Sunday, January 03, 2016

Hotel Chocolat, UK

Ok, Hotel Chocolat is rather fascinating.  A UK company.  They do have a hotel, but it isn't in the UK.  Rather, it is in Saint Lucia, amongst the cocoa groves where they source the cacao to make their chocolate.  In addition to the random hotel, and chocolate factory, they also operate several restaurants, in London, Leeds, and in Saint Lucia, using cocoa as a savory spice throughout the menu.  Plus cafes all over Europe, selling drinking chocolates, chocolate pastries, and more.  Such a random, but actually tied together, assortment, revolving around one of my favorite things: chocolate.
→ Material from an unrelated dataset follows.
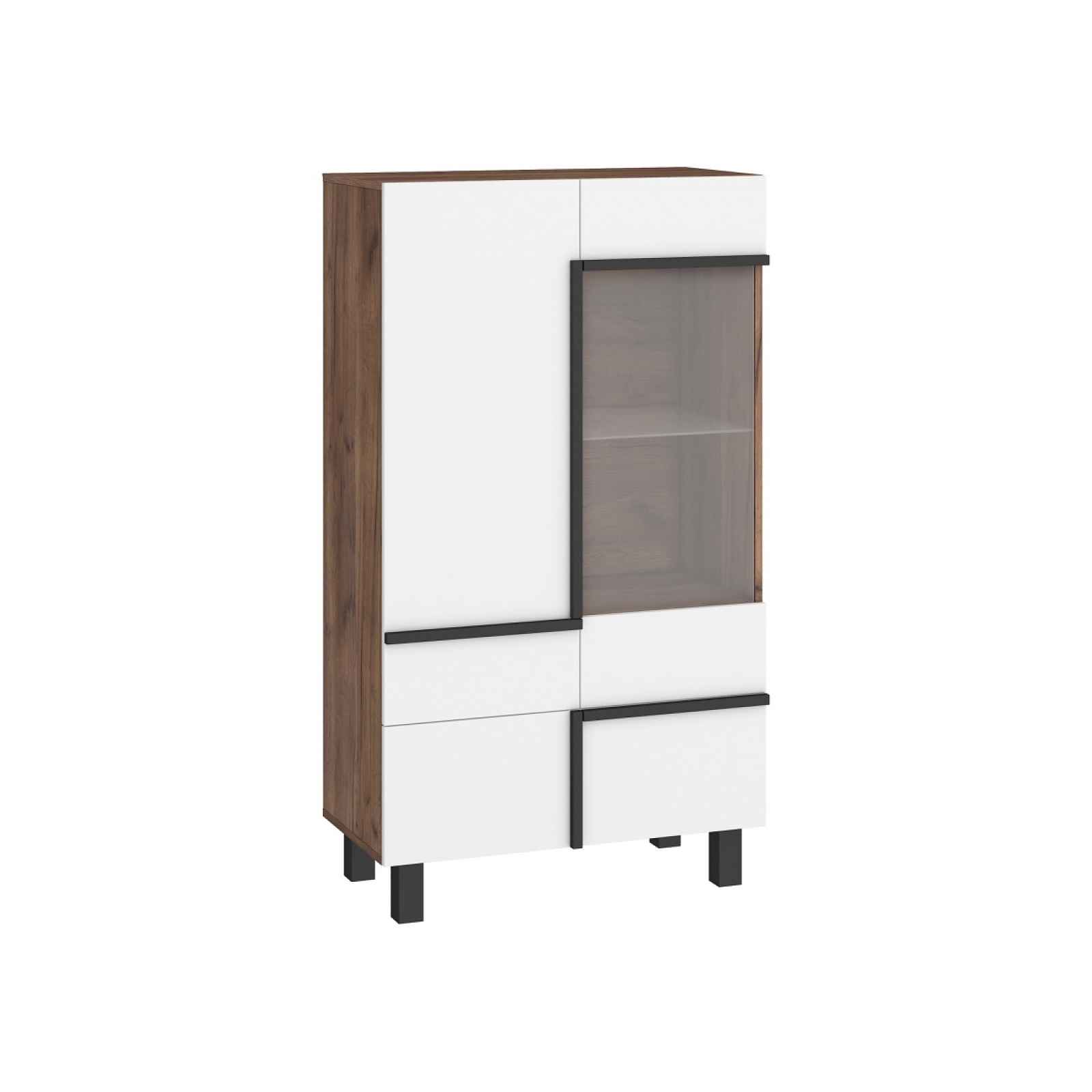Vitrína má ve spodní části velkou hlubokou zásuvku, za plnými dvířky najdete dvě poličky, v prosklené části je vybavená jednou skleněnou poličkou a dvěma poličkami z lamina. Barva: - craft tobaco/bílá - lišty a nožky: černá Rozměr (šxvxh): 80 x 142 x 42 cm Výška nožek: 12 cm Materiál: - lamino o síle 16 mm s ABS hranami - dřevěné nožky - sklo Vitrína disponuje systémem tichého dovírání. Dodáváno v demontu. Záruka 5 let.

The primary business of Hotel Chocolate is chocolate making, which is how I became familiar with the brand.  The chocolate line is extensive, containing everything you'd expect, ranging from bars, to truffles, to enrobed fruits and nuts, to drinking chocolate.
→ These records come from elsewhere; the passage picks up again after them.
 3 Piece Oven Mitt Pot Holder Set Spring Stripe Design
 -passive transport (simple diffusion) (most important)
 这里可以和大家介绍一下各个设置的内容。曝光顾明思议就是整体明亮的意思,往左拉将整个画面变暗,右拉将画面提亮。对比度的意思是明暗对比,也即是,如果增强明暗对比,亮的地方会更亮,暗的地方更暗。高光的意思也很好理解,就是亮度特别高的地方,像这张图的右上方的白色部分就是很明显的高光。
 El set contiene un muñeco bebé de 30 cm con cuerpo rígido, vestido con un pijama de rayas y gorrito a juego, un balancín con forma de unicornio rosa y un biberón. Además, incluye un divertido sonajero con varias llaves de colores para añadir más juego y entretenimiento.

It doesn't really stop there though. They make things like chocolate spreads, mixed with things like gingerbread spices (the Gingerbread Christmas Spread) or the even better sounding salted caramel and pecans.  They also make jams, chutneys, and marmalades infused with cocoa. And ... cocoa pesto ... yes, basil, pine nuts, cheese, and cocoa nibs.  And cocoa pasta.  And cocoa nib ketchup.  And cocoa balsamic vinegar and finishing oils.  And even beer, vodka, and gin infused with cocoa pulp.  The list goes on and on.  It seems crazy at first, but I guess if they are developing menus for the restaurants and cafes to feature cocoa in many forms, these products probably just came out of that collaboration?  A little harder to explain is the beauty product line (body creme, eau de parfum, bath oils, candles, etc, etc), although, I guess those were developed for the hotels?
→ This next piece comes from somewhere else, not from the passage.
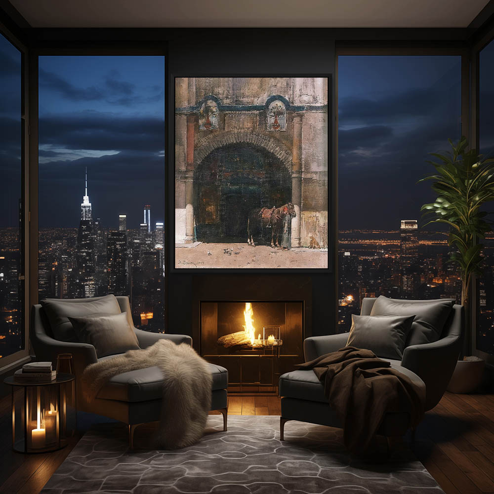Animal Painting with a Horse and Figure in Front of a Building

Anyway, totally fascinating.  I usually go to look up a chocolate maker, read the quick little details about where they source the cacao from, and quickly move on.  I totally got lost in Hotel Chocolat's website.
British Airways Treat!
Now, the chocolate.  I received this aboard a British Airways flight, a cute little package of two chocolates, wrapped in plastic, inside a cardboard tube.  Hotel Chocolat offers a zillion packaging options and very, very elaborate gift boxes.
Chocolate Menu.
The backside featured my "Chocolate Menu".  Inside, I'd find:
  • "A silky soft and perfectly creamy 40% milk chocolate truffle"
  • "Indulgent 70% dark chocolate filled with slated molten caramel"
The packaging also boasts "Hotel Chocolat represents a new model of luxury chocolate-maker.  Growing cocoa ourselves on our plantation in Saint Lucia enables us to link the world of sustainable cocoa agriculture with the hedonism of fabulous chocolate!"
Milk ganache in a milk chocolate shell.
I started with the milk chocolate, 40%.

The shell was smooth and quite creamy, with a nice snap.  I don't tend to go for milk chocolate, but this was actually a really complex milk chocolate.

The ganache inside was perfectly soft and almost oozed out.  I'd certainly prefer for it to be dark, or flavored, and of course they do make all these options, but for a very basic milk chocolate with milk chocolate ganache, this is clearly a quality product.
Salted runny caramel in a dark chocolate shell.
After the success of the simple milk chocolate, I eagerly moved on to the dark chocolate with salted caramel.

And ... I didn't like it nearly as much.  The shell was a shiny, snappy 70% dark that just didn't have any complexity.  Honestly, I think the milk had more going on than the dark.

Inside was a perfectly runny caramel, not too liquidy, not too firm, but I didn't taste any salty quality.

This wasn't a bad chocolate, but it certainly didn't come close to the milk, which really surprised me, as I always prefer dark chocolate, and mmm, salted caramel!